A Global Fabric: Silk, Luxury, and Innovation

Threads of Global Desire: Silk in the Pre-Modern World is the first volume in the Pasold Studies in Textile, Dress and Fashion History from the Pasold Research Fund. It is edited by Dagmar Schäfer (Director of Department 3 ‘Artefacts, Action, and Knowledge’ at the Max Planck Institute for the History of Science in Berlin and Professor h.c. of the History of Technology at the Technical University, Berlin), Giorgio Riello (Professor of Global History and Culture at the University of Warwick) and Luca Molà (is Professor of Early Modern Europe: History of the Renaissance and the Mediterranean in a World Perspective at the European University Institute in Fiesole). They have kindly contributed the following as an introduction to the book’s theme of silk as a truly global product of great economic, cultural, technological and symbolic significance that stretched across time and continents.
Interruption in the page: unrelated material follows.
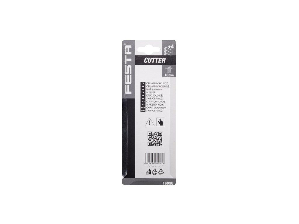Profesionální odlamovací nůž FESTA 18mm, moderní a funkční design, bezpečnost a ergonimie, celokovové tělo s pogumovanou úchopovou částí, zásobník náhradních břitů, automatická výměna břitu (při naplněném zásobníku), automatická aretace s přítlačnou pojistkou břitu, baleno na blistru.Doplňkové parametry

The beautiful silk textiles that are now displayed in museums around the world underline the global importance of silk in pre-modern societies and its universal appeal as a symbol of status and wealth. As a rarity, with a high cost but unique material properties, silk triggered powerful reactions, enticing devotees and repelling critics. From its early start, the trade of silk textiles, whether for the elites or for people of more modest means, was the subject of debate and critique. Early Chinese sources delineate silk as a debauched and dissolute form of luxury. The mythical King Shang Tang is said to have succeeded in conquering the kingdom of Zhou only because the king’s concubines had been fascinated by the sound of high quality silks torn apart. On the other side of Eurasia, in Roman Italy, Emperor Diocletian in 301 CE specifically controlled the prices of raw silk, possibly from China. By this time silk had become an item donned by both men and women notwithstanding the fact in 16 CE the Senate had forbidden men from wearing this imported fabric. Silk, was considered—in the words of a historian of ancient times—‘an unambiguous marker of vice’. The opposition between public virtue and private luxury, commoners’ frugality and imperial debauchery remained a theme in Europe and China alike throughout early modernity and the wearing of silk was a frequently employed trope of moral decay. Eighteenth-century Chinese literati called to mind the fall of the king of Zhou, and European writers evoked the supreme Roman Emperor Tiberius who, fighting prodigality, ordered ‘that no silk dress should henceforth degrade a Roman citizen’.

Threads of Global Desire
Silk in the Pre-Modern World
Edited by Dagmar Schäfer, Giorgio Riello and Luca Molà
Hardback
9781783272938

Between desire and aversion, silk triggered innovation. Spurred by the prospect of high profits, kings and merchants across cultures invested into the transmission and adaptation of sericulture and the development of processing techniques and designs. Heavily patterned satins or damasks woven in Florence and Genoese workshops, for instance, produced large profits in 1546 as they suited ‘the desire and taste of the French, that is, cloths that cost little and last even less, which is exactly what that nation wants, because it would get bored if a garment lasted too long’. Despite regional differences, the silk industry universally shared standards of quality, desiring high- quality silk textiles or accessories, produced from long even threads with soft, smooth surfaces comforting to wear and appealing to the eye. Clusters of technological expertise emerged that relied on complex market networks for raw material access and distribution. The complexity of woven product explains the creation of trans-regional networks of production. This differs considerably from cotton whose core region of production—the Indian subcontinent—retained its leadership for centuries and well into the period of European industrialisation. The long history of interchange and specializations and the necessity to remain connected to achieve the goodness of silk’s material qualities and workmanship may furthermore offer a reason why silk, although it always held a strong foothold in the territories we now call China, became a regionally more universal industry with high-quality production in different parts of the world. By 1600, several areas ranging from China to Japan as well as Iran and Western Europe excelled in the production of different types of products. There was no single silk producer of silk yarn or silken textiles as there were few markets that did not offer silks from all over the world. In production and consumption, silk was burgeoning as much as depending on its global links.